Пристегивая сумку, он наблюдал за движением своих рук. Пальцы оставляли мокрые пятна гноя на всем, к чему прикасались. Но руки его прекрасны, сказала Леди. Несомненно, она права. Он поднял ладони к лицу, волна силы прокатилась по его телу и обосновалась внутри. Он понимал, что стал сильнее любого человека или народа. Скоро он станет сильнее, чем любая планета.
Оторвавшись от созерцания рук, Гейдель снова обратил внимание на блистающий водоворот, всасывающий его в свой центр: Вершина.
Скоро он долетит до нее.
Когда пришло послание, первой его реакцией было громкое: «Черт побери! Зачем спрашивать МЕНЯ?» Но ответ был заранее известен, и дальнейшее словоизвержение он ограничил ругательствами.
Шагая взад и вперед, он щелкнул тумблером, задержав ленч на неопределенное время. Потом вдруг обнаружил, что находится в саду на крыше и, уставившись на запад, курит сигару.
— Расовая дискриминация, вот что это такое, — пробормотал он, потом подошел к потайной панели, сдвинул ее и щелкнул другим тумблером.
— Ленч в библиотеку через час, — приказал он и не стал дожидаться ответа.
Продолжая шагать, он вдыхал запахи жизни, зелени и не чувствовал их.
День померк, и он обернулся на восток, где случайное облачко прикрыло солнце. Нахмурившись, он посмотрел на облачко, и оно начало рассеиваться.
День снова просветлел, но он пробурчал что-то неразборчивое, вздохнул и ушел от просветлевшего дня.
— Не везет, и все тут, — сказал он, входя в библиотеку. Снял пиджак, повесил его на крючок у двери.
Он обвел глазами ряды шкатулок, в которых хранилось полнейшее собрание религиозных манускриптов во всей Галактике. На полках под каждой шкатулкой лежали их переплетенные факсимильные копии… Потом он прошел в следующую комнату и продолжил поиски.
— Под самым потолком, — вздохнул он. — Я так и знал.
Установив стремянку в трех футах от кумранских свитков, он проверил ее равновесие и полез наверх…
Усевшись в легкое кресло, он зажег сигару и положил на колени копию «Книги о множественности житейских неприятностей и соблазнах продолжительного дыхания».
Казалось, прошло всего мгновение, и он услышал легкий щелчок и запрограммированное покашливание у своего левого локтя. Робот неслышно прокатился по толстому ковру и опустил покрытый салфеткой поднос до уровня, с которого удобнее всего перекладывать пищу в рот. Снял салфетку.

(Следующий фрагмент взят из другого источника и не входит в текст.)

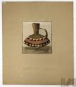 DescripciónObra en formato rectangular vertical. Composición en base a representación de cerámica prehispánica de cuello alto y asa grande, decorada con series de formas geométricas que varían entre escaleras y círculos.ESTATUS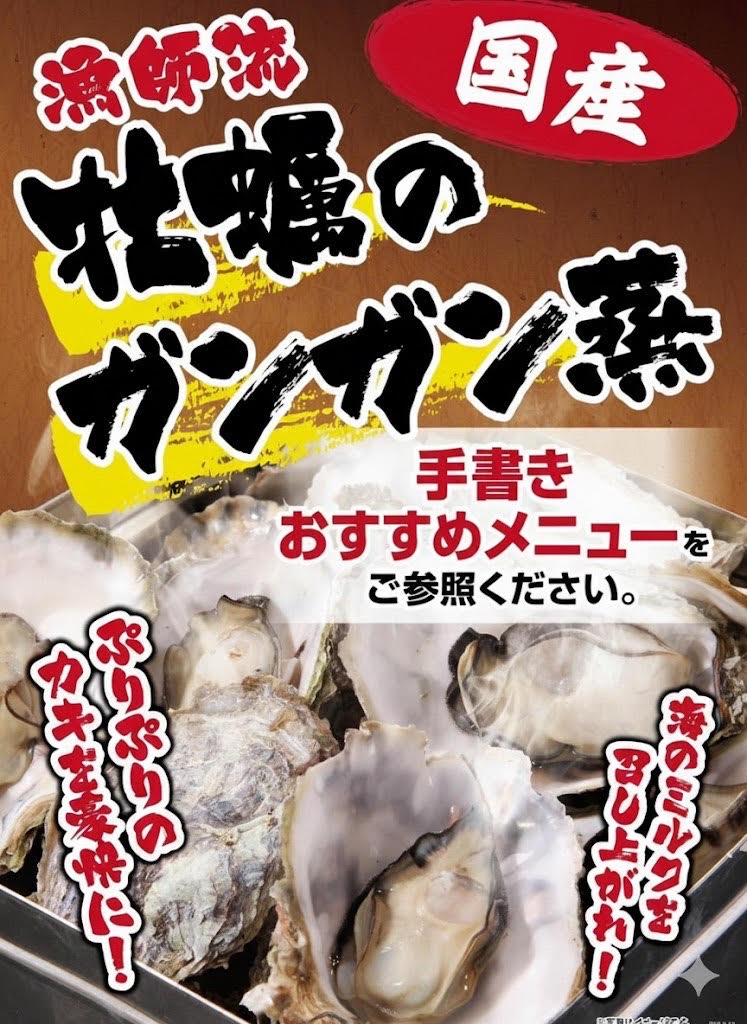 冬季限定!新鮮な長崎小長井産の牡蠣を豪快に蒸し上げた「牡蠣のガンガン蒸し」が登場!立ちのぼる湯気とともに広がる磯の香りは食欲をそそらせます。ふっくらプリプリに蒸し上がった牡蠣は、濃厚な旨味とミルキーなコクがたまらない逸品です。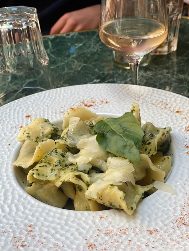 9.5/10As always, the food was amazing -- we had fresh pasta with salmon/carbonara, and our favorite - Parmigiana alla Sicilian (Vegetarian) Grilled eggplant, tomato sauce, mozzarella, grated parmesan, basil. A nice salad is served with the parm dish. And, a 1/2 L of red. Our server was very accommodating and friendly.
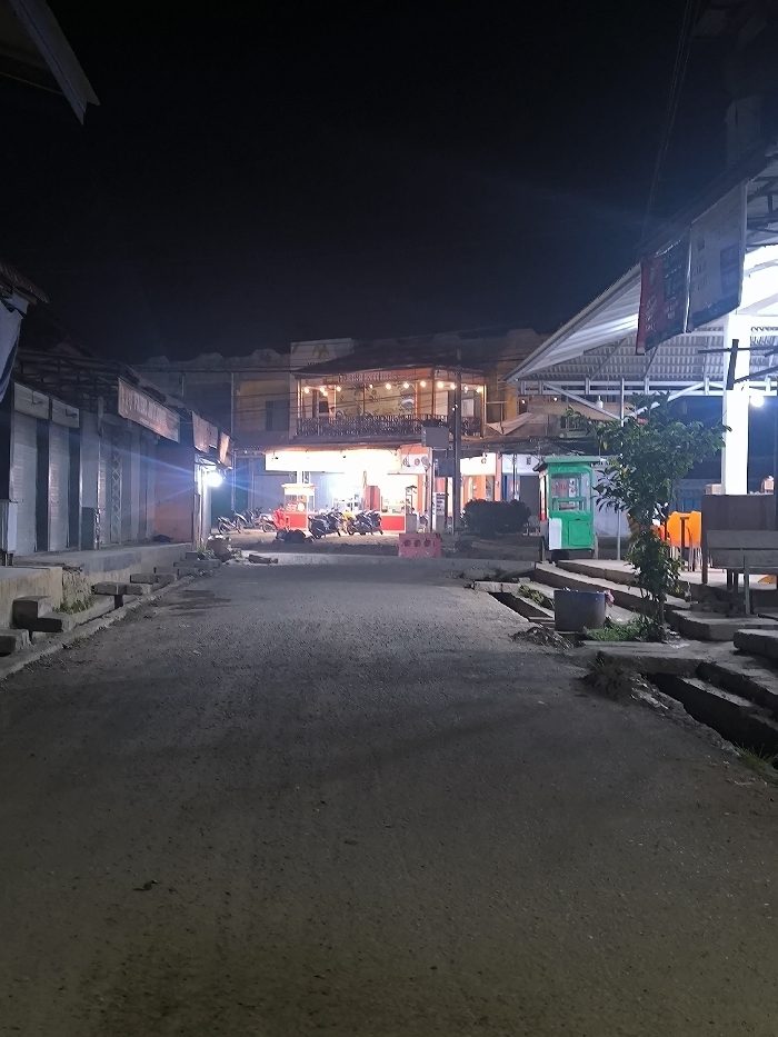 The image depicts a nighttime street scene in the city of Manetunong, Indonesia. The perspective is from the center of a dark, asphalt road looking forward towards a series of buildings. On the left, a row of single-story structures with closed metal shutters appears mostly dark, with a single bright light source illuminating a small section. Directly ahead and slightly to the right, a two-story building features a brightly lit upper balcony area with seating and signage, including the word "KOPI." Below the balcony, the ground floor is also brightly illuminated. Approximately eight motorcycles are parked in front of this building, partially obscured by red barriers. To the far right, a large white awning structure covers an open area, brightly lit by white fluorescent lights. Under this awning, a small green kiosk stands beside a young tree, and several orange plastic chairs with a table are visible. The sky above is completely dark, indicating night. No individuals are clearly visible in the scene. The road surface is uneven, with visible cracks and worn pavement on the edges, and concrete steps leading up to the buildings.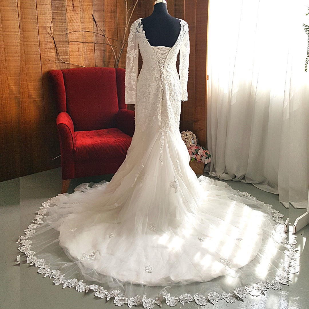 Long sleeves wedding dress in elegant mermaid/trumpet style. Featuring beautiful French embroidered floral lace with swarovski crystals.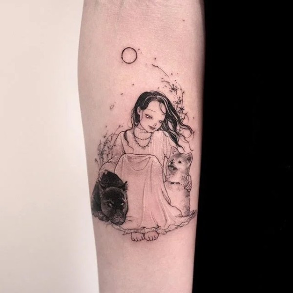 少女系列纹身图案-9张韩国纹身师Neondrug的创作少女系列纹身图片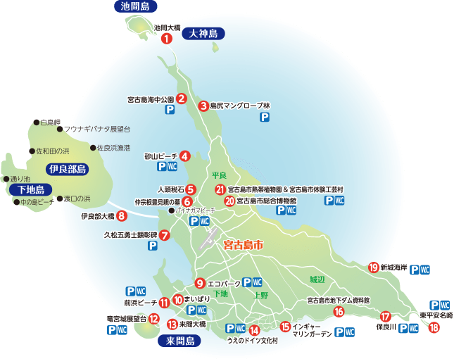 토리이케 – 마키야마 전망대 – 이라부대교 – 미야코 선셋비치 – 산에 미야코지마 시티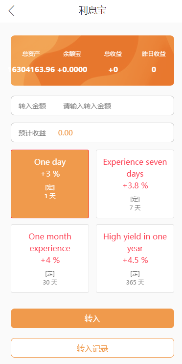 余额宝分为定数时间,一天,七天,一个月,一年,就会产生收益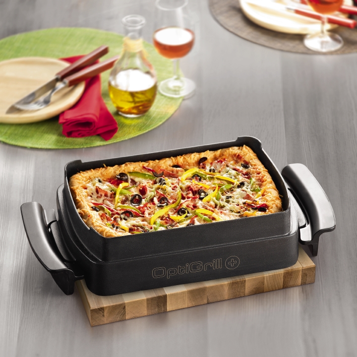Chef Tefal OptiGrill®+ Snacking&Backing îți transformă bucătăria într-un Wonderland al Aromelor alese cu stil. Un promotor al festinului culinar, datorită accesoriului special de coacere, poți prepara acasă pizza savuroasă, tarte sau prăjituri care cuceresc din prima.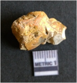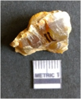 | Description / विवरण | The flake has irregular fracture pattern and sharp flaked edges as a result of lithic knapping activity. The piece is pale, with surface flake scars and a bulbous end. The flake is of smoky quartz variety, grayish in color and translucent in appearance. |

Ел он механически, не отрывая взгляда от книги. Через какое-то время робот удалился. Он так и не запомнил, что именно ел.
Продолжил читать.
Обед прошел точно так же. Настал вечер, и вокруг него зажглись огни, разгораясь по мере углубления темноты.
Где-то среди ночи он перевернул последнюю страницу и закрыл книгу. Потянулся, зевнул, встал с кресла и чуть не упал — отсидел правую ногу. Сел и подождал, пока покалывание прекратится. Дождавшись этого, взобрался на лестницу и поставил книгу на прежнее место. Отнес лестницу в угол. Уж кто-кто, а он мог позволить себе роботов и гравилифт, но устройство библиотеки предпочитал старомодное.

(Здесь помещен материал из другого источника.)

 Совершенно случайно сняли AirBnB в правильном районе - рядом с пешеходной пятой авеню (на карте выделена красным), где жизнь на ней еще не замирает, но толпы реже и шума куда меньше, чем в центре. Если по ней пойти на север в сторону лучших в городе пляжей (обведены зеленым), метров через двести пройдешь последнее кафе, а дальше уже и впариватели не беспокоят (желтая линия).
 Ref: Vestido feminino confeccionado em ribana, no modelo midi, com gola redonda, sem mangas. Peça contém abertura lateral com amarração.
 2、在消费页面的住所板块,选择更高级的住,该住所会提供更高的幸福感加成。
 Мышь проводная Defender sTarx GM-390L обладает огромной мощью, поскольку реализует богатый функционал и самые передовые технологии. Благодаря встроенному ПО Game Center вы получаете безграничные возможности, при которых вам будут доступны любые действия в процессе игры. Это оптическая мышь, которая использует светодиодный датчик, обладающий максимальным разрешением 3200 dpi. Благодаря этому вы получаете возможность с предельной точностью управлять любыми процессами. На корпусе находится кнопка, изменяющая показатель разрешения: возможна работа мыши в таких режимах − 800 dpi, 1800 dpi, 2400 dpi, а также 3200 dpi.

Добравшись до бара на западной террасе, он уселся перед ним. Зажегся Свет.
— Бурбон с водой. Двойная порция.
Десятисекундная пауза, во время которой он мог чувствовать кончиками пальцев едва заметную вибрацию в глубине бара. Потом открылось квадратное отверстие шесть на шесть, и бокал с напитком медленно всплыл вровень со столом. Он поднял его и сделал глоток.